Field Type Description
media_file string The name of the media file this row refers to. Coincides with the page title of the media file page in Commons. URL version (with underscores).
categories list<string> The category names that the media file is directly associated with.
primary_categories list<string> The top ancestor category names of the media file. They should be in the Commons institution category allow-list. Ideally, there should be only one primary category, but since we can not control that from MediaWiki, we accept multiple primary categories.
wiki string The canonical name of the visualized wiki, i.e.: “en.wikipedia” or “fr.wiktionary”. Only wikis that feature the media file at least once will appear here.
page_title string The title of the visualized (namespace=0) page. URL version (with underscores). Only (namespace=0) pages featuring the media file will appear here.
pageview_count long Aggregated pageview count for (namespace=0) pages featuring the media file.
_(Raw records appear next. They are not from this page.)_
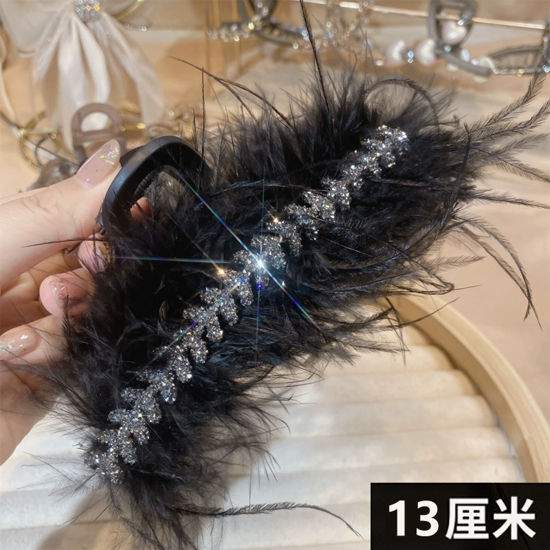| nameOriginal | New style clip, high-end feather grab clip for the back of the head, feather wheat ear hair clip, hair clip, ostrich feather shark clip |
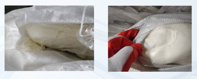 出口亚硝酸钠包装实施使用鉴定时,发现部分货物内包装破损。亚硝酸钠是第5.1+6.1类危险货物。货物内包装破损原因为亚硝酸钠在灌装时温热状态下呈粉末状,灌装后降温板结变硬,在堆垛后造成包装内袋破裂。
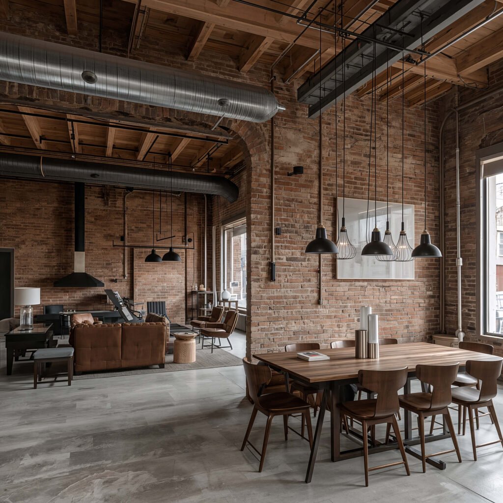 Raw materials and exposed elements define industrial style. Think exposed brick (real or faux), visible ductwork, and concrete floors. But here’s the thing – you need to warm it up, or you’ll feel like you’re living in an actual factory.
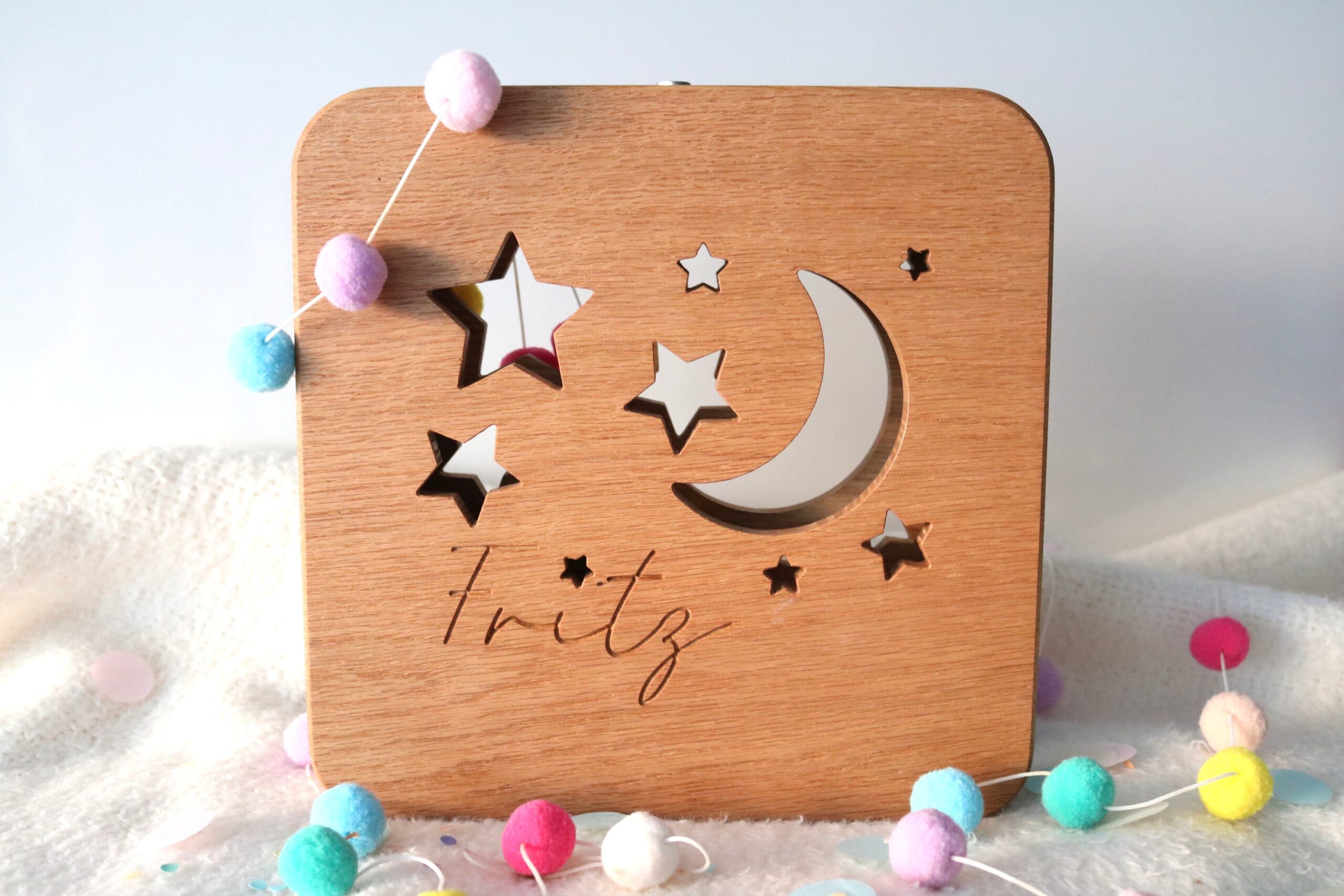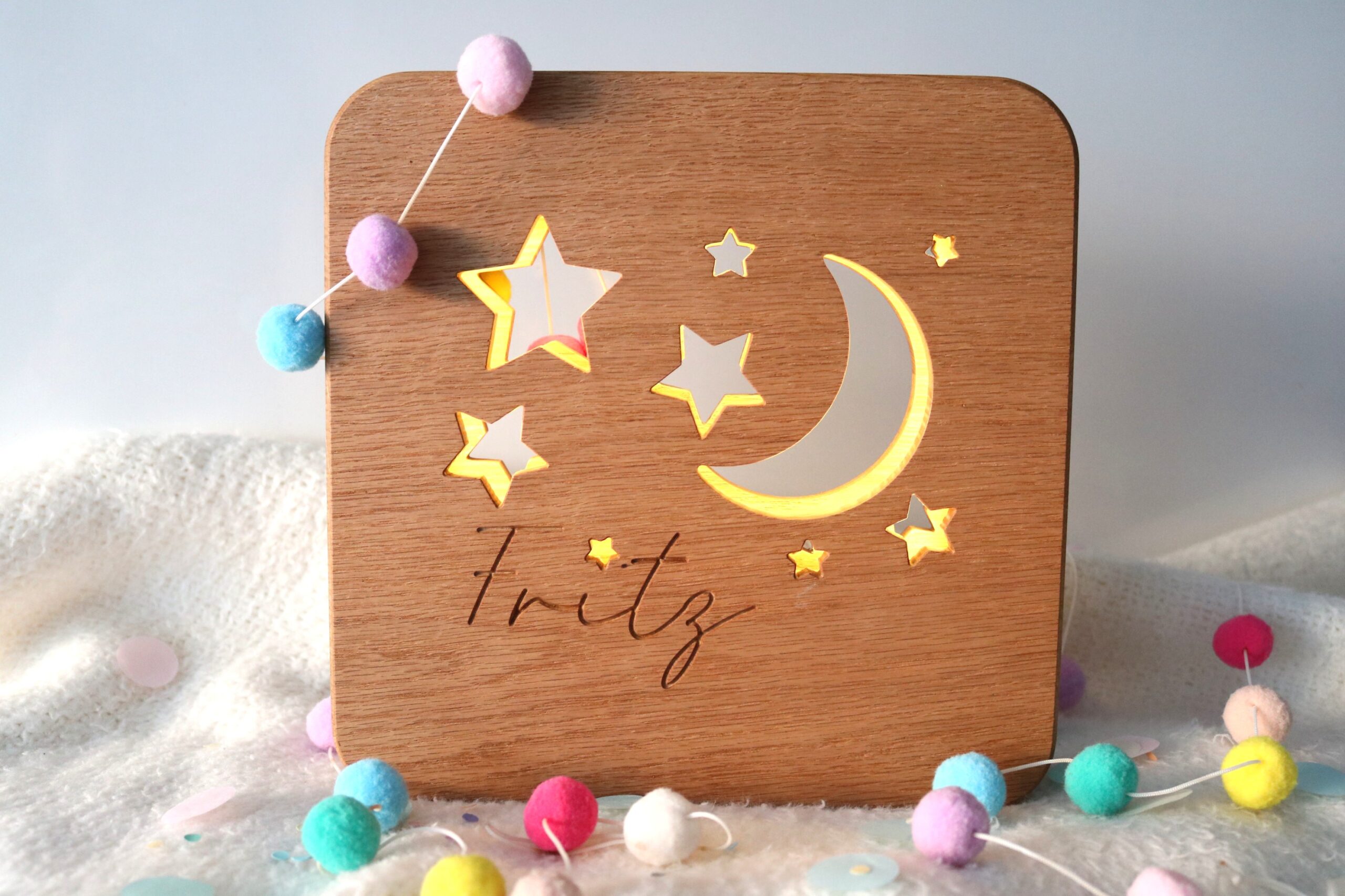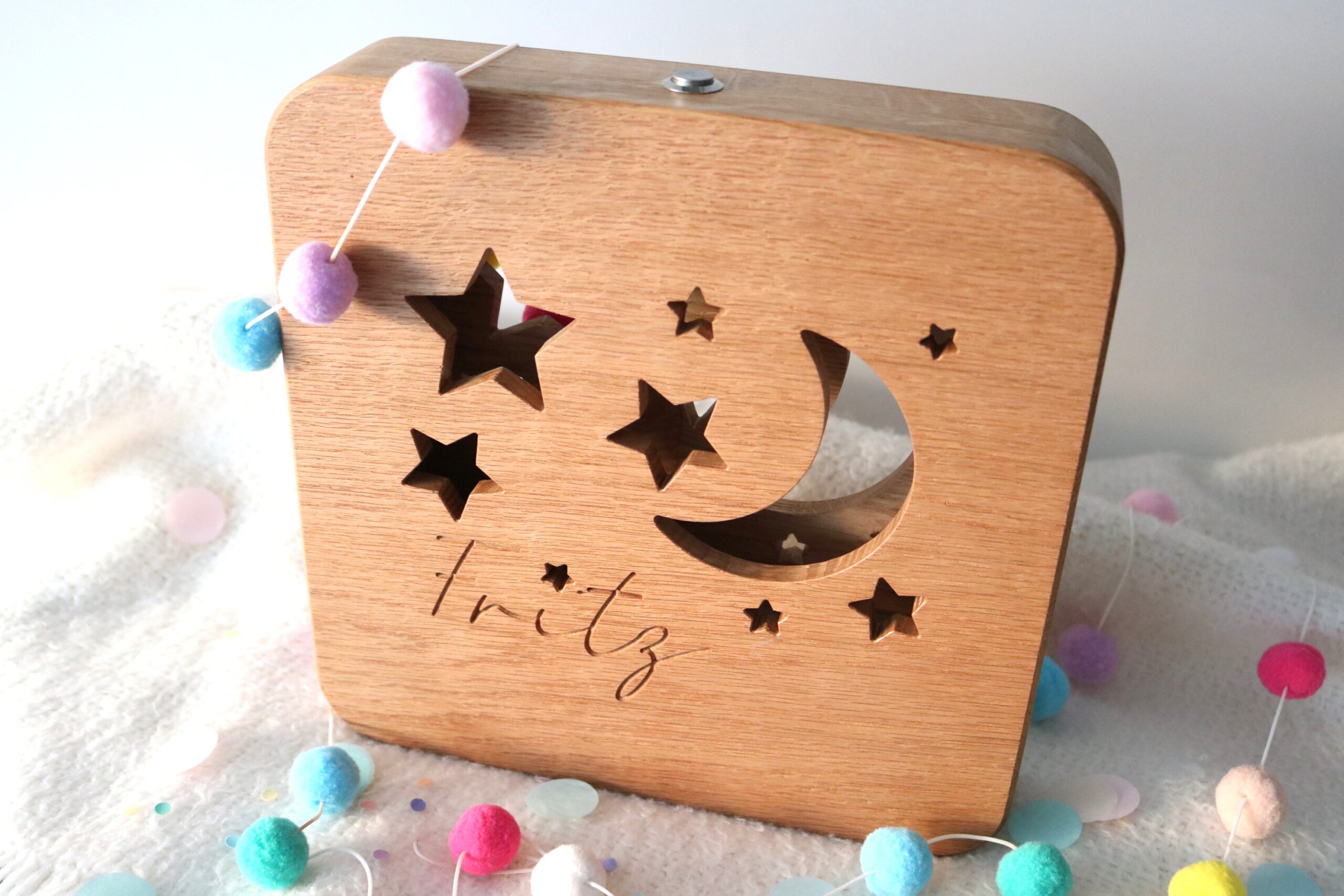 Liebevoll gestaltetes Nachtlicht aus Eiche Echtholz für Babys und Kinder.

Rows with pageview_count=0 should be omitted!
month string The month for which we aggregate the data (YYYY-MM).

Notes:

  • This dataset aggregates counts to (namespace=0) wiki pages that include the specified media files.
  • Each media file has 1 row for each page that includes it. Each page will have the corresponding pageview count.
  • You can aggregate the pageview_count value only across the wiki, page_title, and month dimensions. All queries to this table should always filter or breakdown by media_file.
  • Pageviews to the Main page are not counted.

Edits

Field Type Description
user_name string The user name of the user who performed the edit. This is resolved from the actor table’s actor_name. If no actor is found, it is set to ‘anonymous’. If it has been suppressed, it is set to ‘redacted’.
edit_type string Either “create” (for the first revision of a media file page), or “update” (for all other revisions of the media file page).
media_file string The name of the edited media file. Coincides with the page title of the media file page in Commons. URL version (with underscores).
categories list<string> The category names that the media file is directly associated with.
primary_categories list<string> The top ancestor category names of the media file. They should be in the Commons institution category allow-list. Ideally, there should be only one primary category, but since we can not control that from MediaWiki, we accept multiple primary categories.
dt timestamp The timestamp of the edit.

Notes:

  • This is an event-based dataset, each row corresponds to an edit event.
  • You can aggregate across any set of dimensions.